BRIEF >>
The data that follows is to be copied exactly, with each image removed.

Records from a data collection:
Segment Open

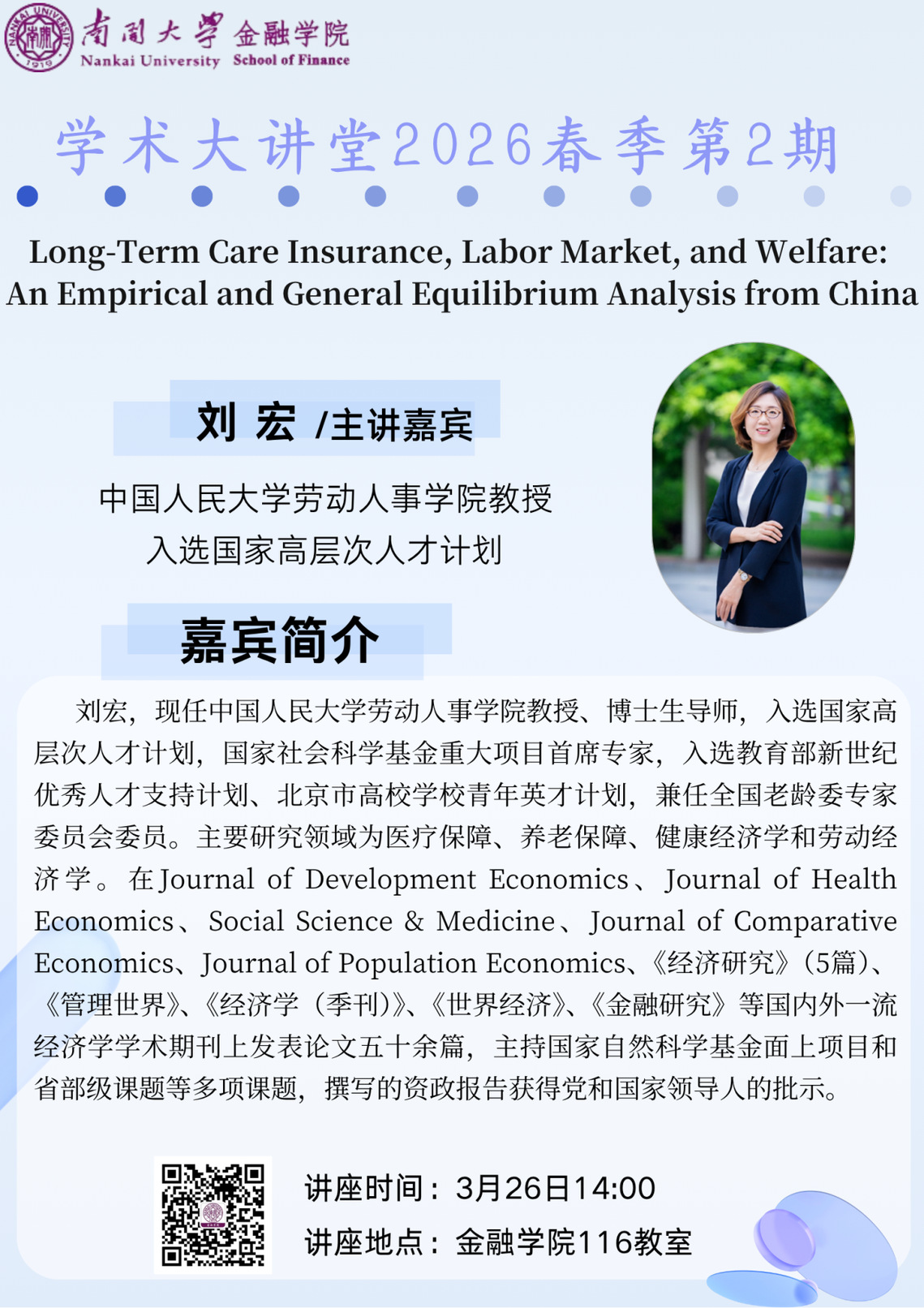 讲座题目:Long-Term Care Insurance, Labor Market, and Welfare: An Empirical and General Equilibrium Analysis from China
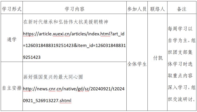 2024年秋季学期第4周beats365唯一官网入口官网团支部学习安排
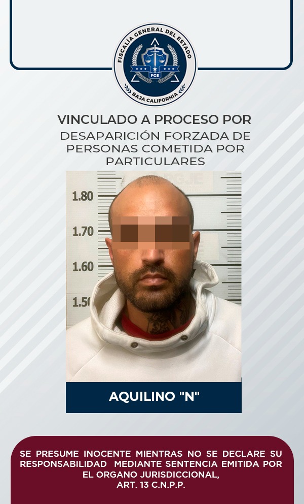 PLAYAS DE ROSARITO, B.C. Con el sustento de los datos de prueba aportados por el Ministerio Público, la Fiscalía General del Estado, obtuvo de un juzgador la vinculación a proceso de Aquilino “N”, por el delito de desaparición forzada de personas cometida por particulares.
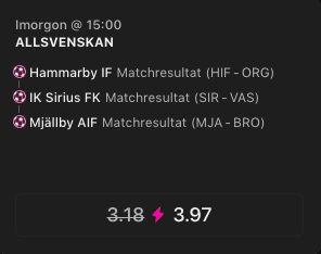 Spela Hammarby+Sirius+Mjällby till boostat odds
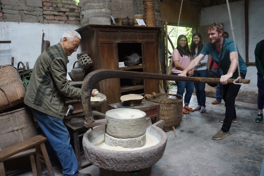 “石磨、草把龙……真是又好玩,又神奇!”留学生们看着古老的农具和民间非物质文化遗产,惊呆了。
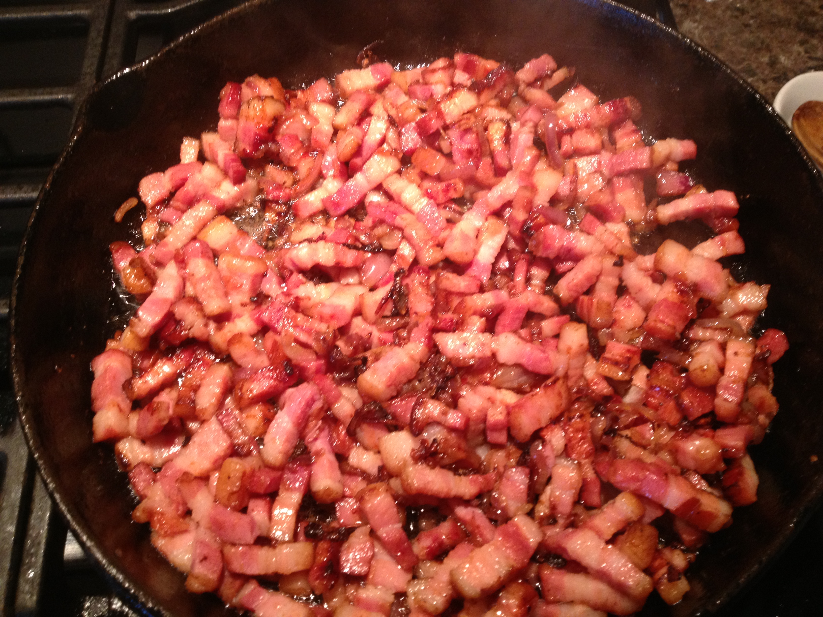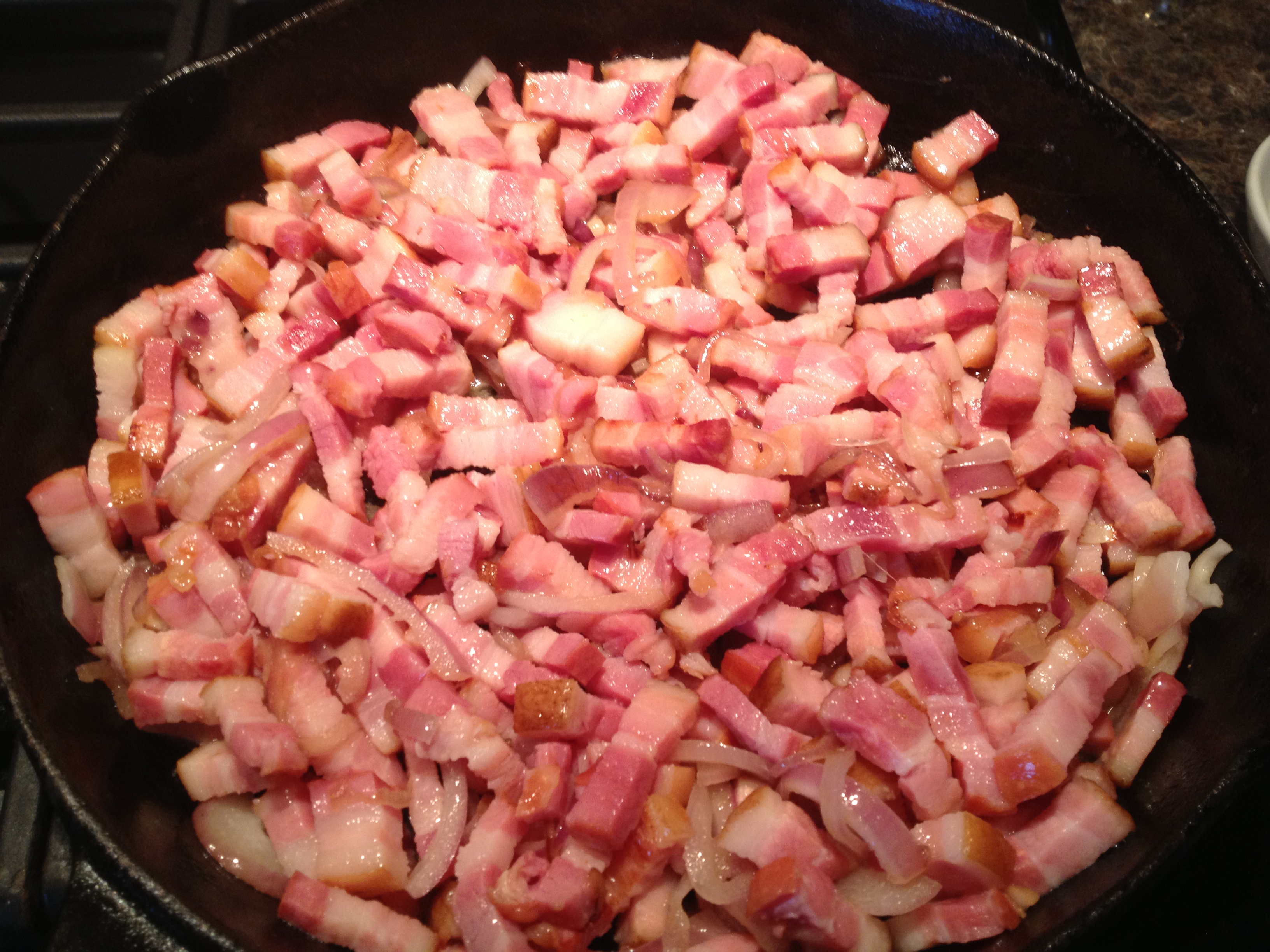 Vient ensuite le moment de faire revenir les oignons et les lardons:

Segment Closed

RESPONSE TO THE TASK >>
 讲座题目:Long-Term Care Insurance, Labor Market, and Welfare: An Empirical and General Equilibrium Analysis from China
 2024年秋季学期第4周beats365唯一官网入口官网团支部学习安排
 PLAYAS DE ROSARITO, B.C. Con el sustento de los datos de prueba aportados por el Ministerio Público, la Fiscalía General del Estado, obtuvo de un juzgador la vinculación a proceso de Aquilino “N”, por el delito de desaparición forzada de personas cometida por particulares.
 Spela Hammarby+Sirius+Mjällby till boostat odds
 “石磨、草把龙……真是又好玩,又神奇!”留学生们看着古老的农具和民间非物质文化遗产,惊呆了。
 Vient ensuite le moment de faire revenir les oignons et les lardons:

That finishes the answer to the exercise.